To find differentially expressed genes, we used the Mann-Whitney U test, a non-parametric test that detects differences in the level of gene expression between two populations. The Mann-Whitney U test is advantageous for this application because it makes very general assumptions: (1) observations from both groups are independent and (2) the gene expression levels are ordinal (i.e., can be ranked). Thus the test applies to distributions of gene expression levels across cells, which rarely follow a normal distribution. Using the Mann-Whitney U test, we compared the distributions of expression levels of every gene separately. P values were adjusted using the Bonferroni correction for multiple testing. Different significance thresholds for determining whether a gene is differentially expressed were used for various analyses in this work.

TF and CSM lists

To identify genes that are transcription factors (TFs) or cell surface molecules (CSMs), we used manually curated lists. We obtained a list of Drosophila TFs from the FlyTF v1 database, (http://www.mrc-lmb.cam.ac.uk/genomes/FlyTF) and CSMs from (Kurusu et al., 2008). These lists were manually curated to remove spurious annotations and redundancies according to Flybase annotation, resulting in 1045 TFs and 955 CSMs.

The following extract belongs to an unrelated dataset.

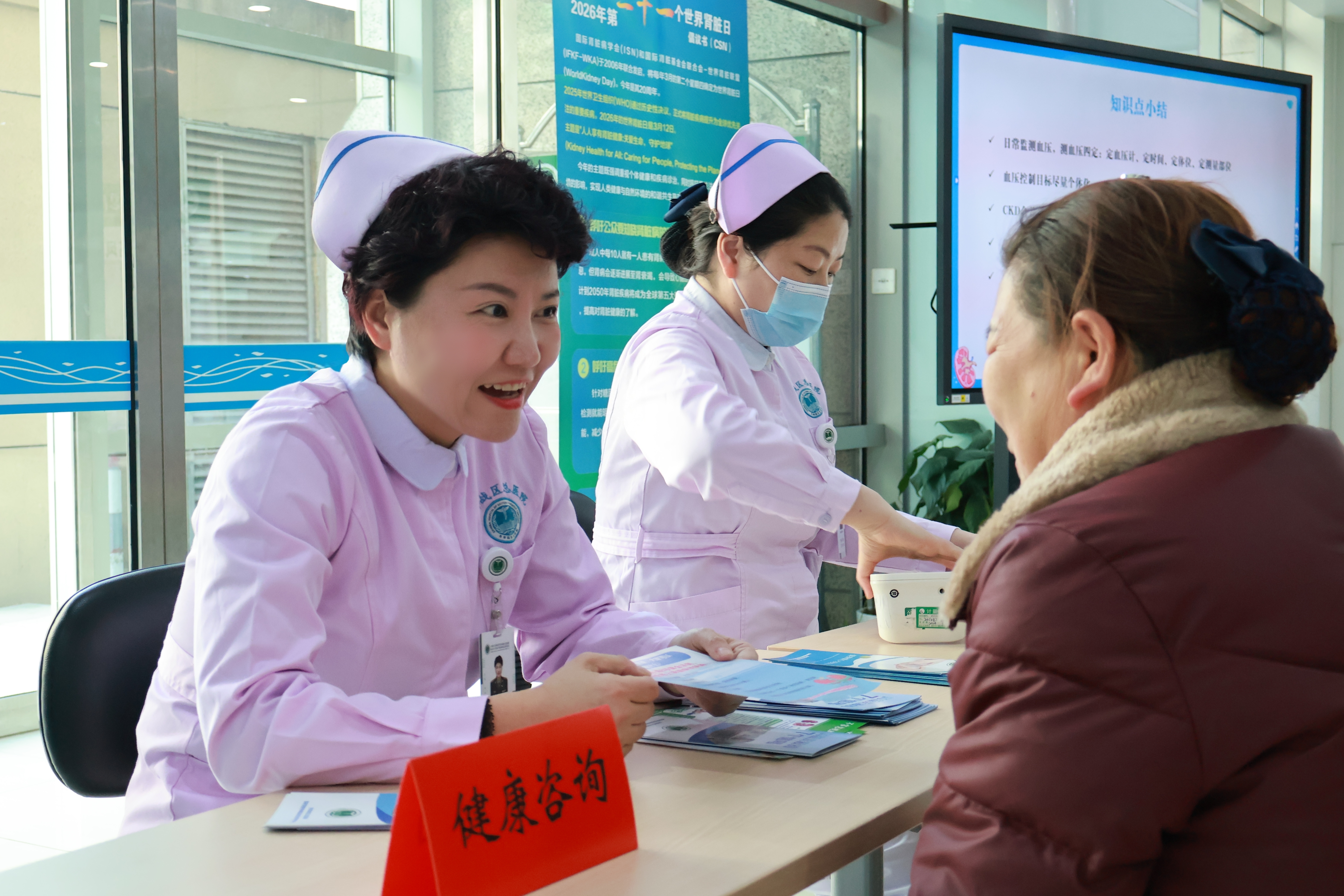 肾脏病科门诊以“科普赋能,健康续航” 为主题,打造“医-护-患” 联动课堂。医生团队开展《慢性肾脏病早期识别与管理》专题讲座,结合临床案例解析血肌酐、尿蛋白等指标的临床意义;护理团队同步开展血压、血糖免费检测,发放科普手册,围绕用药、生活习惯等提供个性化健康咨询,让专业医学知识转化为实用健康技能。

Analysis methods for figures

Single-cell transcriptome analyses of neurons and glia in Figure 1.

We formed a population consisting of 946 GH146-GAL4+ cells and 67 alrm-GAL4+ cells. We performed dimensionality reduction and clustering analysis using PCA and tSNE as described above. We identified the top 500 overdispersed genes in the population. We used PCA to reduce dimensionality, retaining 7 significant PCs. Then we projected the population into a two-dimensional space using tSNE with perplexity 30 and learning rate 500 (Figure 1E). We also performed hierarchical clustering using complete linkage and a Euclidean metric based on manually selected neuronal and glial marker genes (Figure 1D).

Removal of GH146+ vPNs and APL neurons in Figure 2.

We initially formed a population consisting of 946 GH146+ cells. Using ICIM, we identified 158 genes that distinguish subtypes. We then projected the population into a two-dimensional space using tSNE. We observed several distinct subpopulations corresponding to GH146+ neuronal types that do not belong to the adPN or lPN lineages. Specifically, two clusters were composed of ventral PNs (vPNs), which robustly express several specific markers (Gad1, Lim1, and toy). Three other clusters were composed of APL neurons, which robustly express other specific markers (Wnt4, VGlut, and fd102C), and are arranged adjacent to one another by tSNE, reflecting the similarity of expression profiles among these cells. For subsequent analyses of GH146+ adPNs and lPNs, we removed these cells by excluding cells expressing 2/3 of these marker genes at >15 CPM.

Single-cell transcriptome analyses of GH146+ cells in Figure 2.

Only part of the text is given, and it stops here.